Your copy of the data below must be exact and must leave out all pictures.

====

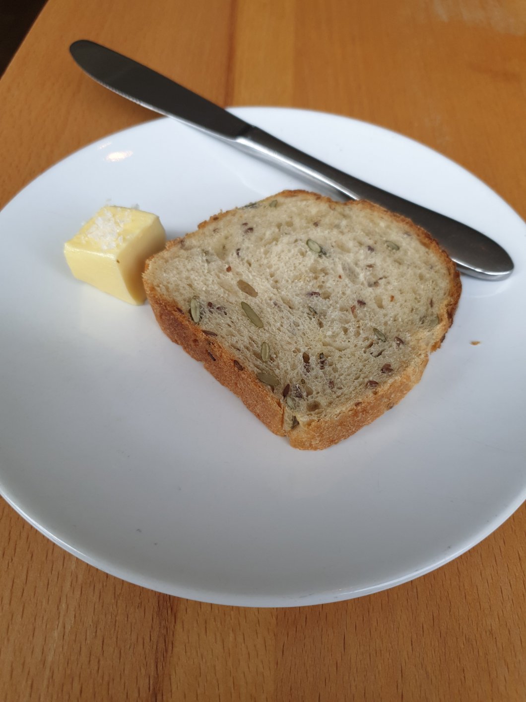 As I considered my choices (I was very torn, on the starter front, between the duck and the trout), a rather nice slice of, caraway seed studded, bread and generously salted butter was placed on the table.
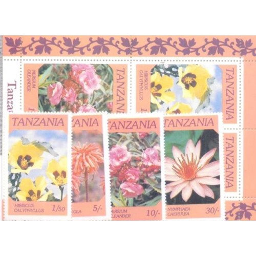 Etiquetas: TANZÂNIA - 1986 - FLORES TÍPICAS - BLOCO + SELOS - MINT
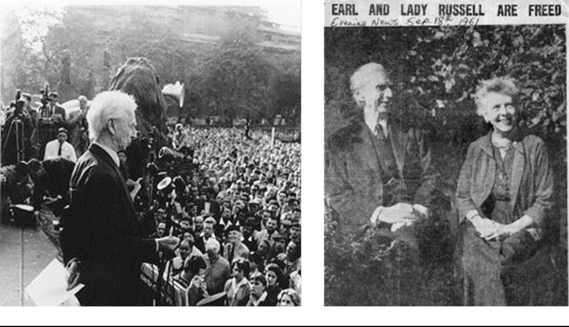 1961年,89岁高龄的罗素和夫人因参与一个核裁军的游行后被拘禁了7天。1961年9月18日《伦敦晚报》报道:这两位原本被判入狱两个月,但裁判官因医疗证词将这两个月改判为期一周。
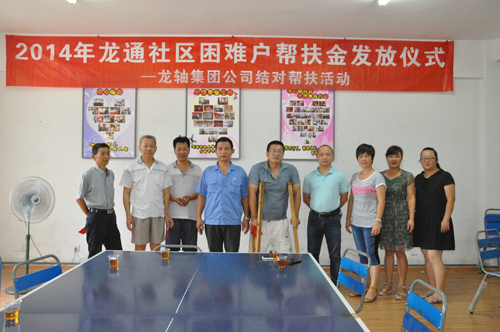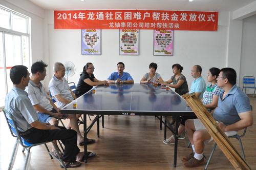 2014年8月8日,公司與薌城區(qū)南坑街道龍通居委會聯(lián)合舉行了“2014年幫扶特困戶幫扶金發(fā)放儀式”。 公司黨委副書記張?zhí)┥跁显俅蜗?012年結(jié)對幫扶的5戶龍通社區(qū)困難戶各發(fā)放了3000元的幫扶金,并和他們進行了親切座談。面對受助人員溢于言表的感謝之辭,張?zhí)┥硎荆骸白鳛楦=ㄊ∥拿鲉挝?,帶頭開展社會公益事業(yè)是義不容辭的責任。希望你們的生活能有所改善,同時,也希望通過這樣的行動,積極傳播扶危濟困的中華民族傳統(tǒng)美德,讓更多需要幫助的人得到社會關(guān)懷!”
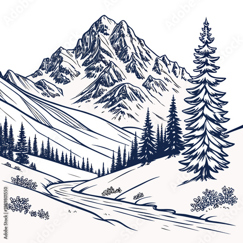 Mountain landscape with pine trees
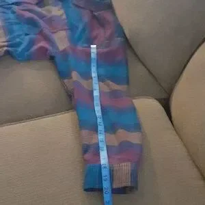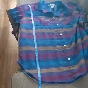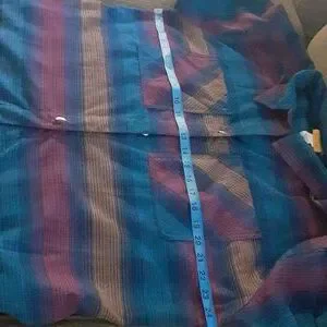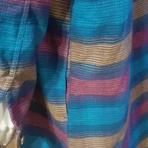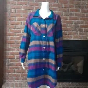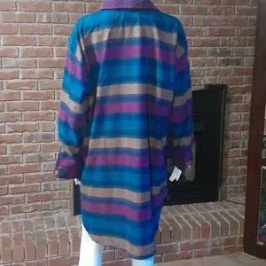 Vibrant button-down lightweight longsleeve jacket with blue and purple stripes with side pockets.
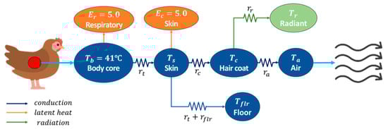 - Reece, F.; Lott, B. The effect of environmental temperature on sensible and latent heat production of broiler chickens. Poult. Sci. 1982, 61, 1590–1593. [Google Scholar] [CrossRef] [PubMed]
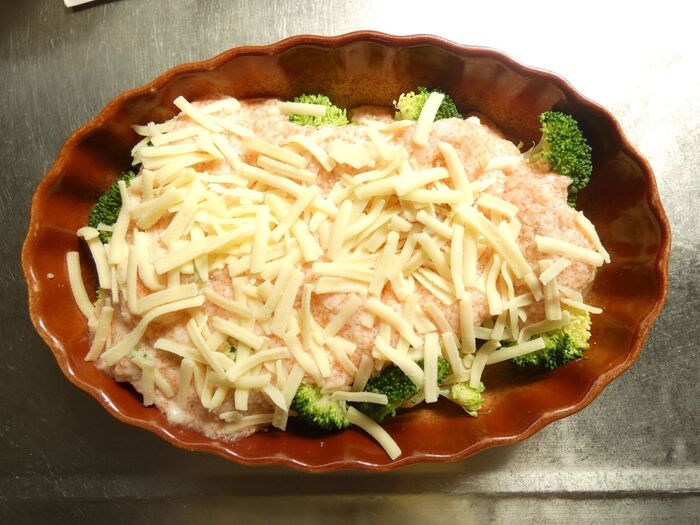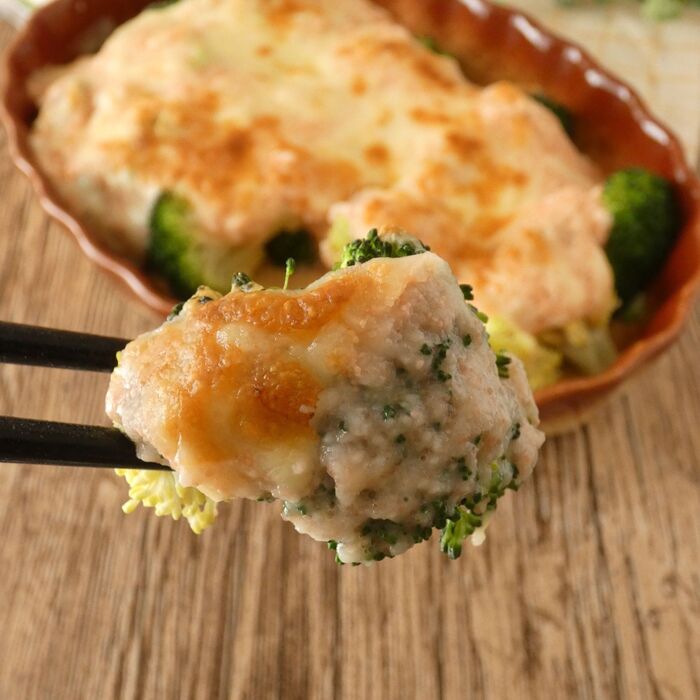 ブロッコリーにとろろ芋をかけ、ピザ用チーズを乗せてトースターで焼きます。チーズが溶けてきつね色になったら完成♪

====

Finished exercise ::
 As I considered my choices (I was very torn, on the starter front, between the duck and the trout), a rather nice slice of, caraway seed studded, bread and generously salted butter was placed on the table.
 Etiquetas: TANZÂNIA - 1986 - FLORES TÍPICAS - BLOCO + SELOS - MINT
 1961年,89岁高龄的罗素和夫人因参与一个核裁军的游行后被拘禁了7天。1961年9月18日《伦敦晚报》报道:这两位原本被判入狱两个月,但裁判官因医疗证词将这两个月改判为期一周。
 2014年8月8日,公司與薌城區(qū)南坑街道龍通居委會聯(lián)合舉行了“2014年幫扶特困戶幫扶金發(fā)放儀式”。 公司黨委副書記張?zhí)┥跁显俅蜗?012年結(jié)對幫扶的5戶龍通社區(qū)困難戶各發(fā)放了3000元的幫扶金,并和他們進行了親切座談。面對受助人員溢于言表的感謝之辭,張?zhí)┥硎荆骸白鳛楦=ㄊ∥拿鲉挝?,帶頭開展社會公益事業(yè)是義不容辭的責任。希望你們的生活能有所改善,同時,也希望通過這樣的行動,積極傳播扶危濟困的中華民族傳統(tǒng)美德,讓更多需要幫助的人得到社會關(guān)懷!”
 Mountain landscape with pine trees
 Vibrant button-down lightweight longsleeve jacket with blue and purple stripes with side pockets.
 - Reece, F.; Lott, B. The effect of environmental temperature on sensible and latent heat production of broiler chickens. Poult. Sci. 1982, 61, 1590–1593. [Google Scholar] [CrossRef] [PubMed]
 ブロッコリーにとろろ芋をかけ、ピザ用チーズを乗せてトースターで焼きます。チーズが溶けてきつね色になったら完成♪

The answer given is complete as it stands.